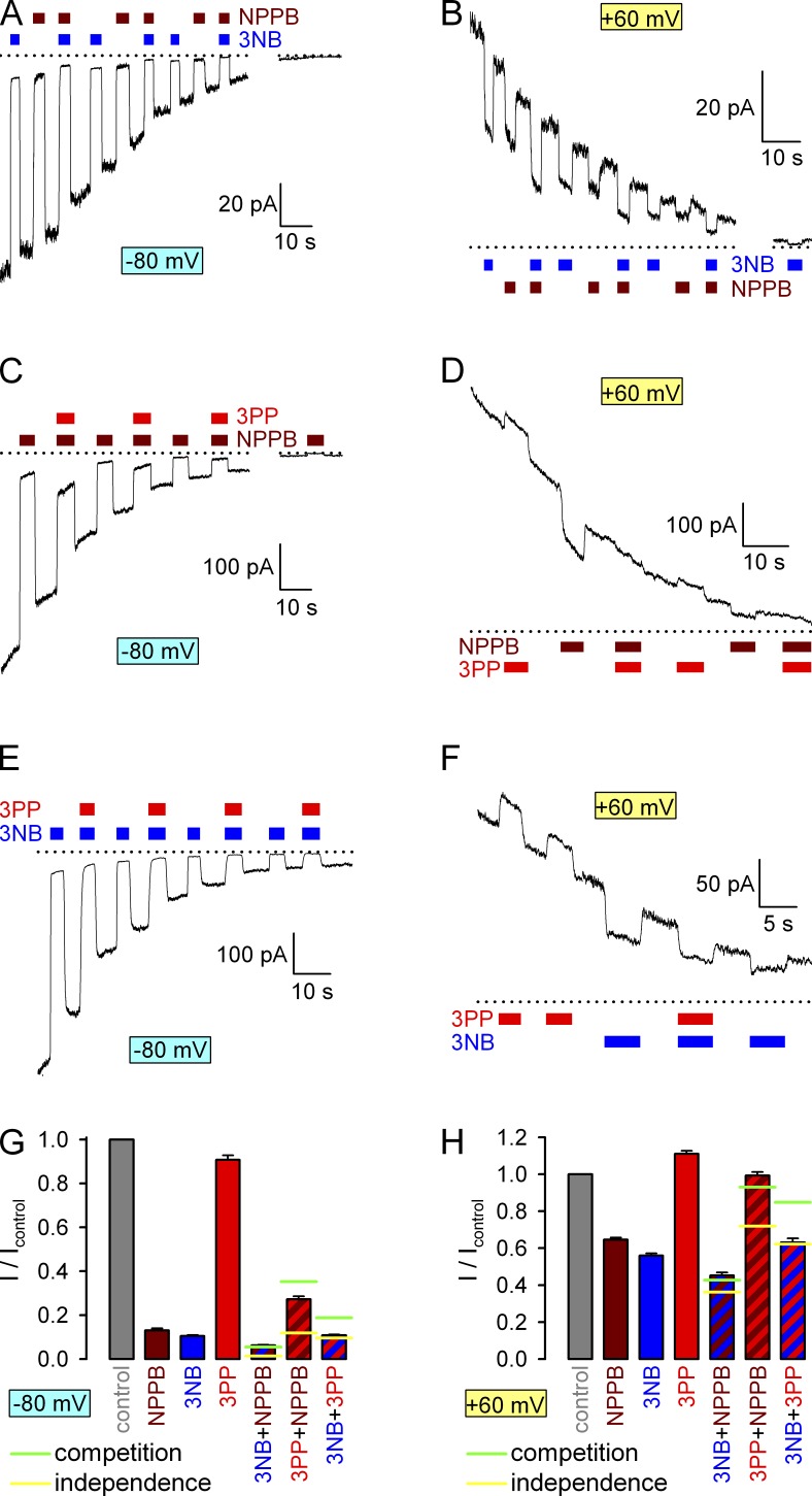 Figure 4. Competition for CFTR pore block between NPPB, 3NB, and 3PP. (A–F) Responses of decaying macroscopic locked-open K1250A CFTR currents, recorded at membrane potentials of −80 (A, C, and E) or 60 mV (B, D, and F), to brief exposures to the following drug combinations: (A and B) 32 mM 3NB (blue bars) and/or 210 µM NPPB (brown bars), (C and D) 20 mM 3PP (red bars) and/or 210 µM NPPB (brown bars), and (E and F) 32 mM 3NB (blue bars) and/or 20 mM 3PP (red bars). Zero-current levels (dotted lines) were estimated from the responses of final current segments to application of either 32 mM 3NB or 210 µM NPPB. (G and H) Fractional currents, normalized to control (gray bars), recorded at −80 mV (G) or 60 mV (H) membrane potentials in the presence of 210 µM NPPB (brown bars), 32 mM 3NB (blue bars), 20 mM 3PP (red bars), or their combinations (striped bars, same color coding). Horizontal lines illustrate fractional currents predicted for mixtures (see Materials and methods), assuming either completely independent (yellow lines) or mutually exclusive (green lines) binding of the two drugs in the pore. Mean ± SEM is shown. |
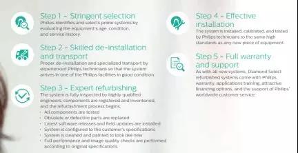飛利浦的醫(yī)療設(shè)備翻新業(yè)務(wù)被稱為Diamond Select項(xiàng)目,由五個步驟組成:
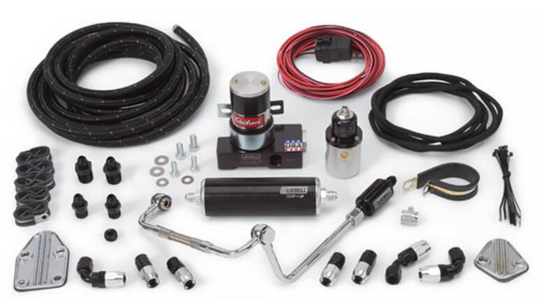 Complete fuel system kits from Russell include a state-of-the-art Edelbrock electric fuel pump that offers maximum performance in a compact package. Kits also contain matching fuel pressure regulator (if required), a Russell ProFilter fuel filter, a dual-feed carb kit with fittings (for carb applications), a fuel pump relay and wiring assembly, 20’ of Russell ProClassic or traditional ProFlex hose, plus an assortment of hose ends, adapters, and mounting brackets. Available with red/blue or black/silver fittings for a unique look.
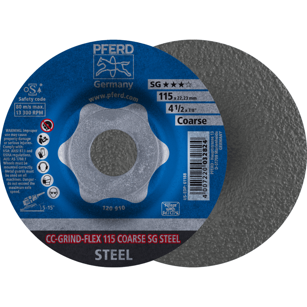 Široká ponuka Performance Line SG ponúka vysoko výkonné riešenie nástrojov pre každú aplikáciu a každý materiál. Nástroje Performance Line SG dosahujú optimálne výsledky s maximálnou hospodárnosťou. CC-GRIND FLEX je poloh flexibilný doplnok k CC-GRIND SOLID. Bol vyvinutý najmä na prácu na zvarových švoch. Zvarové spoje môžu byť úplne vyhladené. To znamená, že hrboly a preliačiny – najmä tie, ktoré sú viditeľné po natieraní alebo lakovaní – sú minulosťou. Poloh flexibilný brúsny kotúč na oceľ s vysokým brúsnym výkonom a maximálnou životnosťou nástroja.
* * *
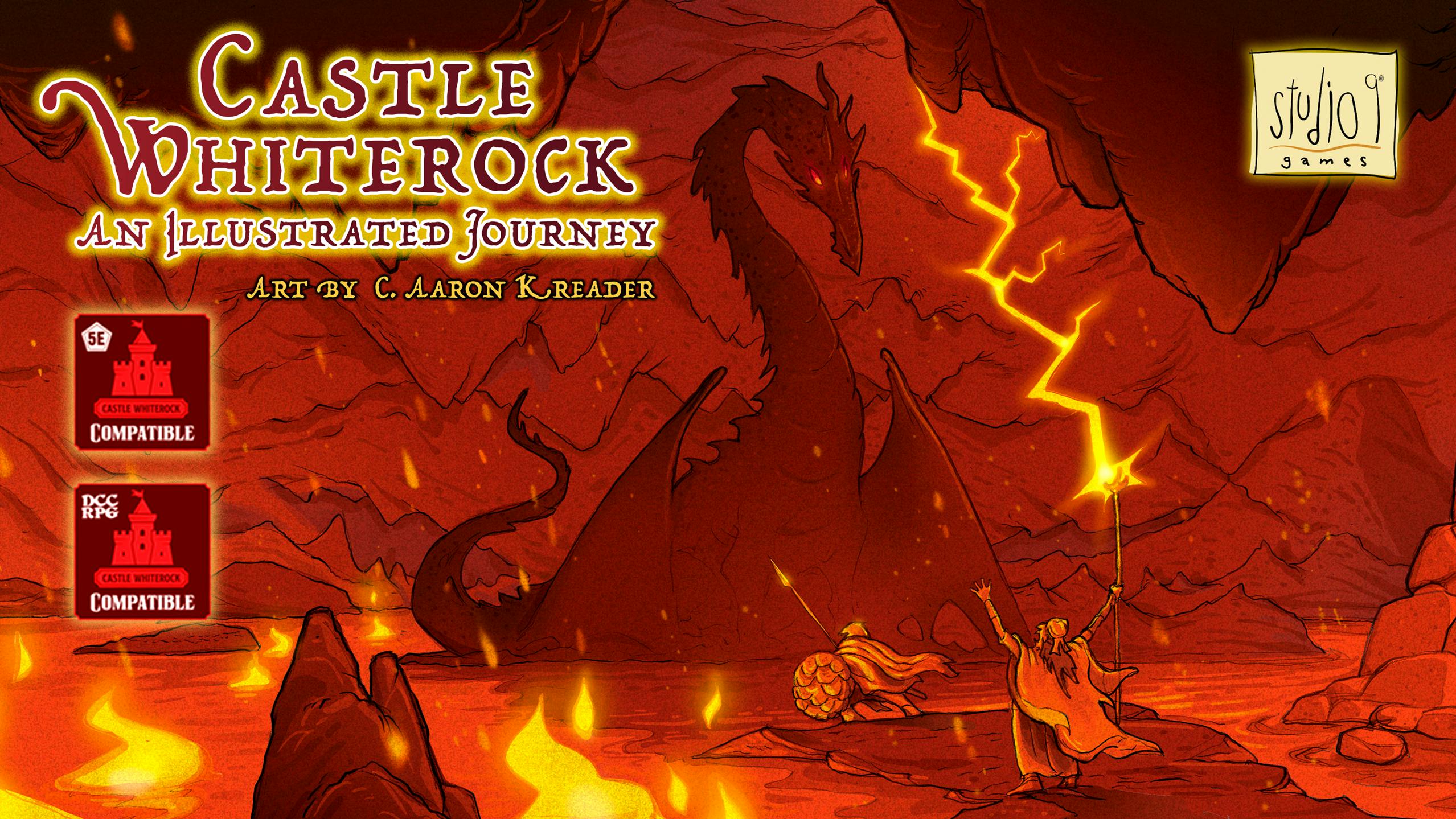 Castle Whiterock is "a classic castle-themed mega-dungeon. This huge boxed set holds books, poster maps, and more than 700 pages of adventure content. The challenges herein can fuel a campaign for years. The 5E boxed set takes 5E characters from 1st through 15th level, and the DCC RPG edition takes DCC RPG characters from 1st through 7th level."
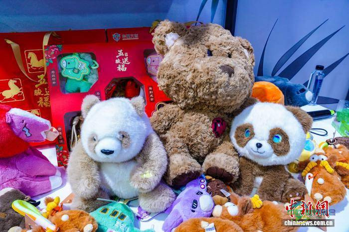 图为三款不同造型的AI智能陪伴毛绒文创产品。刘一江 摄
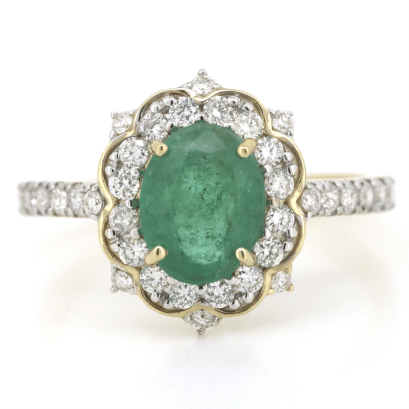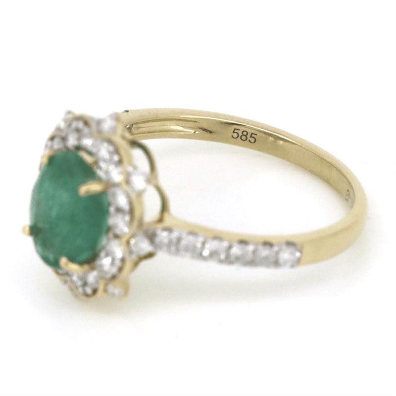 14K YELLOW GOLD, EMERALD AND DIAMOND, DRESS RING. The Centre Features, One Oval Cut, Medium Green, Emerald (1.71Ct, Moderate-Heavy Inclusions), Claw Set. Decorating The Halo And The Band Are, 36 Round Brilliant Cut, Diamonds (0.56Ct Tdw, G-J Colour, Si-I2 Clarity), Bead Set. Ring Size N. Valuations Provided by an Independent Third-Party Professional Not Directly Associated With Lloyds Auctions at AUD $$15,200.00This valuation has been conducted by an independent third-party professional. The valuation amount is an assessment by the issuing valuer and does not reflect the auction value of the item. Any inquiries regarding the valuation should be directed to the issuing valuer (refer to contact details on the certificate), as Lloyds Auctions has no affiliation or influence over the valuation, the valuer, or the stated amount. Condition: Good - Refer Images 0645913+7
* * *
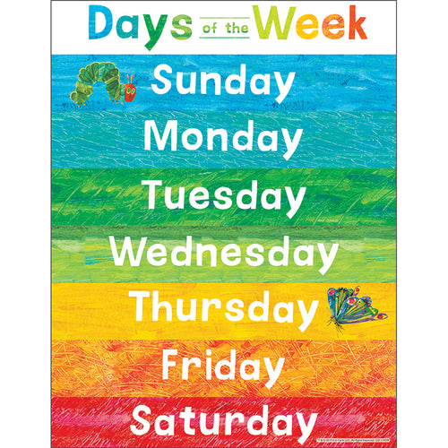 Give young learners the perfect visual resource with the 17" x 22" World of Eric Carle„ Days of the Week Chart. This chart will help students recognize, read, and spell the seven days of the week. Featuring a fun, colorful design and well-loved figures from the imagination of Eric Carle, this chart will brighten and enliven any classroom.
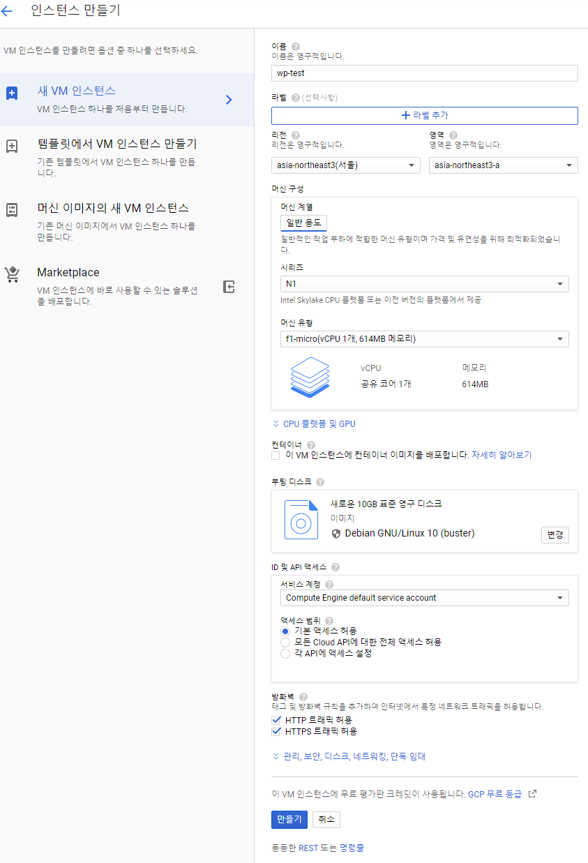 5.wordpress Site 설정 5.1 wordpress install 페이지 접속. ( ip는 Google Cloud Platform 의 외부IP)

→ **Task brief**: Only one part of the listing is wanted: the lines from the one containing "Figure 4. Competition" through the one containing "飛利浦的醫(yī)療設(sh", both included. Please transcribe it exactly, leaving out the pictures.

→ **Response**:
 Figure 4. Competition for CFTR pore block between NPPB, 3NB, and 3PP. (A–F) Responses of decaying macroscopic locked-open K1250A CFTR currents, recorded at membrane potentials of −80 (A, C, and E) or 60 mV (B, D, and F), to brief exposures to the following drug combinations: (A and B) 32 mM 3NB (blue bars) and/or 210 µM NPPB (brown bars), (C and D) 20 mM 3PP (red bars) and/or 210 µM NPPB (brown bars), and (E and F) 32 mM 3NB (blue bars) and/or 20 mM 3PP (red bars). Zero-current levels (dotted lines) were estimated from the responses of final current segments to application of either 32 mM 3NB or 210 µM NPPB. (G and H) Fractional currents, normalized to control (gray bars), recorded at −80 mV (G) or 60 mV (H) membrane potentials in the presence of 210 µM NPPB (brown bars), 32 mM 3NB (blue bars), 20 mM 3PP (red bars), or their combinations (striped bars, same color coding). Horizontal lines illustrate fractional currents predicted for mixtures (see Materials and methods), assuming either completely independent (yellow lines) or mutually exclusive (green lines) binding of the two drugs in the pore. Mean ± SEM is shown. |
飛利浦的醫(yī)療設(shè)備翻新業(yè)務(wù)被稱為Diamond Select項(xiàng)目,由五個步驟組成:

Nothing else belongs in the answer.